= PROBLEM STATEMENT =
Only text belongs in your copy of the listing below; reproduce it exactly and leave out the pictures.

*** COLLECTED DATA Section Begins ***

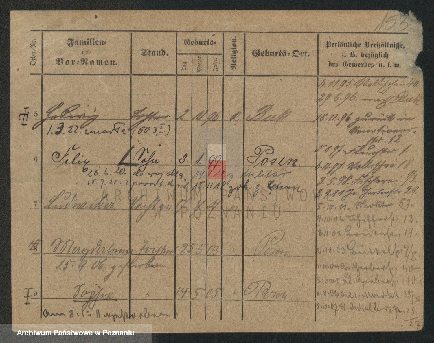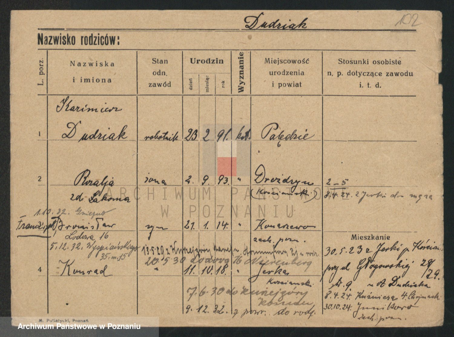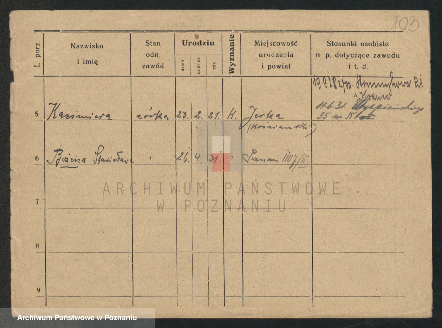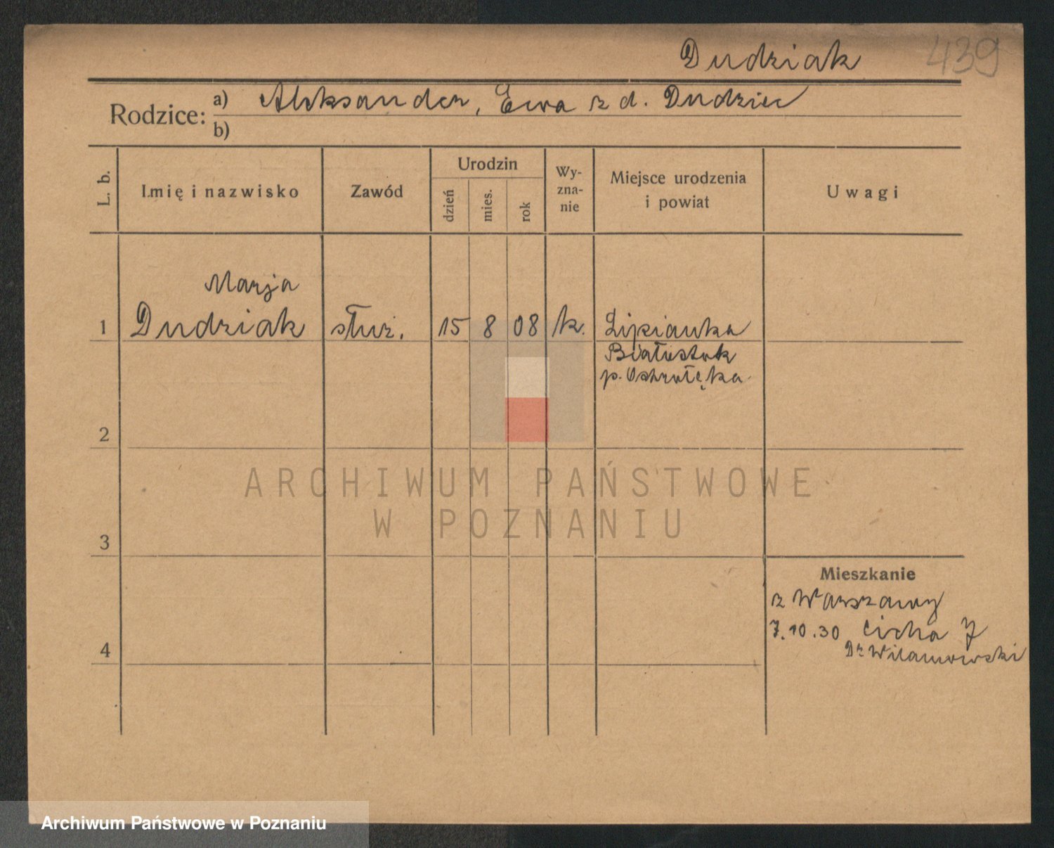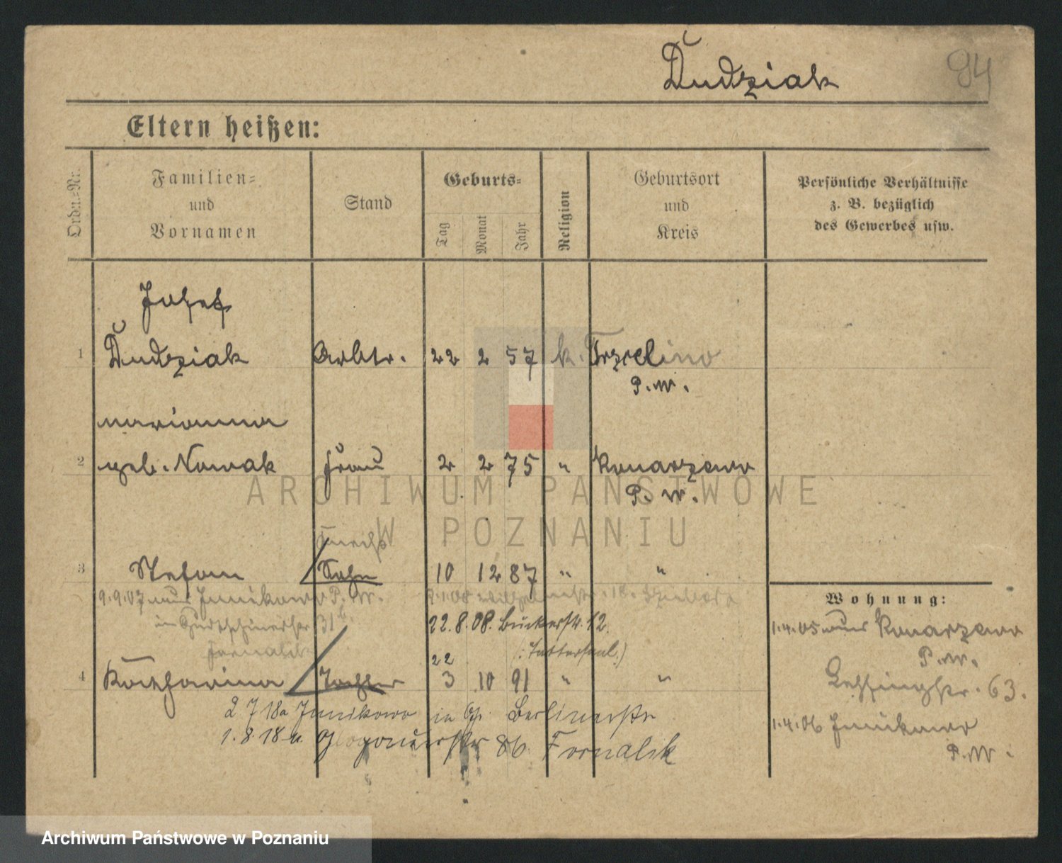 Podgląd karty osobowej dostępny jest po kliknięciu na nazwisko lub ikonkę karty. Można dokonywać powiększenia (ikony na górze) lub przechodzić między kolejnymi skanami (strzałki po bokach).
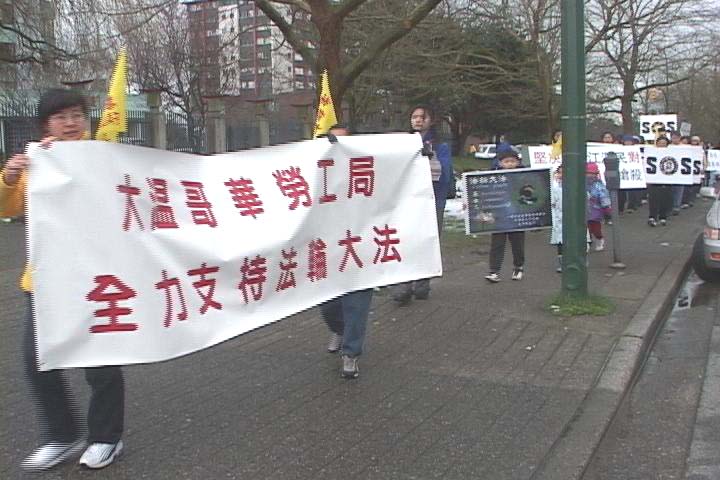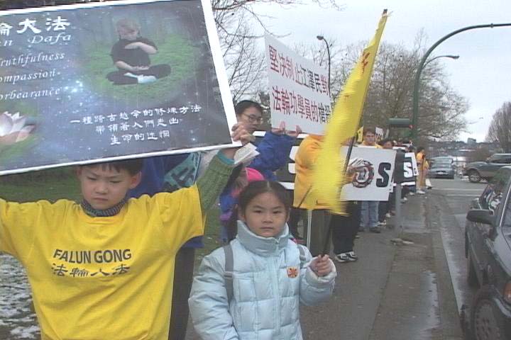 许多人了解了真相后都谴责江泽民政府的暴行,表示了对法轮功的支持。一个来自北京的国家干部说:“其实大部分中国人心里都明白,法轮功好,中国政府的镇压是错误的。你们放心,法轮功一定会平反,你们在国外好好炼。”今年温哥华气候反常,三月份以来已两次下大雪,天气阴冷。18日还是大雪纷飞,预报19日仍有雨雪,可是学员们没有退却,仍然按原计划进行,同时发正念。奇迹出现了,在我们大法活动的5个多小时里,竟然一点雨都没下,午后一段时间居然还露出了淡淡的阳光。可是在我们活动结束后约一小时,雨夹雪又下来了。我们心里都明白,慈悲的师父时时刻刻在看护着弟子,只要我们的念正,我们就心想事成。 (英文版:http://www.clearwisdom.net/emh/articles/2002/3/22/20144.html) |
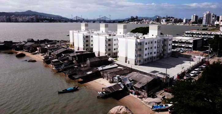 Você já se imaginou morando em uma palafita à beira-mar, sem condições mínimas de saneamento básico, sem instalação correta de energia elétrica, vivendo com riscos de acidentes e infraestrutura precária? Não né. Pois essa era a vida do seu Luiz Derli Córdova, de 57 anos, e de sua companheira, que assim como outras famílias, residiam nos casebres da Ponta do Leal, no Balneário Estreito, região continental de Florianópolis.

*** COLLECTED DATA Section Ends ***

= ANSWER FOR THIS EXERCISE =
 Podgląd karty osobowej dostępny jest po kliknięciu na nazwisko lub ikonkę karty. Można dokonywać powiększenia (ikony na górze) lub przechodzić między kolejnymi skanami (strzałki po bokach).
 许多人了解了真相后都谴责江泽民政府的暴行,表示了对法轮功的支持。一个来自北京的国家干部说:“其实大部分中国人心里都明白,法轮功好,中国政府的镇压是错误的。你们放心,法轮功一定会平反,你们在国外好好炼。”今年温哥华气候反常,三月份以来已两次下大雪,天气阴冷。18日还是大雪纷飞,预报19日仍有雨雪,可是学员们没有退却,仍然按原计划进行,同时发正念。奇迹出现了,在我们大法活动的5个多小时里,竟然一点雨都没下,午后一段时间居然还露出了淡淡的阳光。可是在我们活动结束后约一小时,雨夹雪又下来了。我们心里都明白,慈悲的师父时时刻刻在看护着弟子,只要我们的念正,我们就心想事成。 (英文版:http://www.clearwisdom.net/emh/articles/2002/3/22/20144.html) |
 Você já se imaginou morando em uma palafita à beira-mar, sem condições mínimas de saneamento básico, sem instalação correta de energia elétrica, vivendo com riscos de acidentes e infraestrutura precária? Não né. Pois essa era a vida do seu Luiz Derli Córdova, de 57 anos, e de sua companheira, que assim como outras famílias, residiam nos casebres da Ponta do Leal, no Balneário Estreito, região continental de Florianópolis.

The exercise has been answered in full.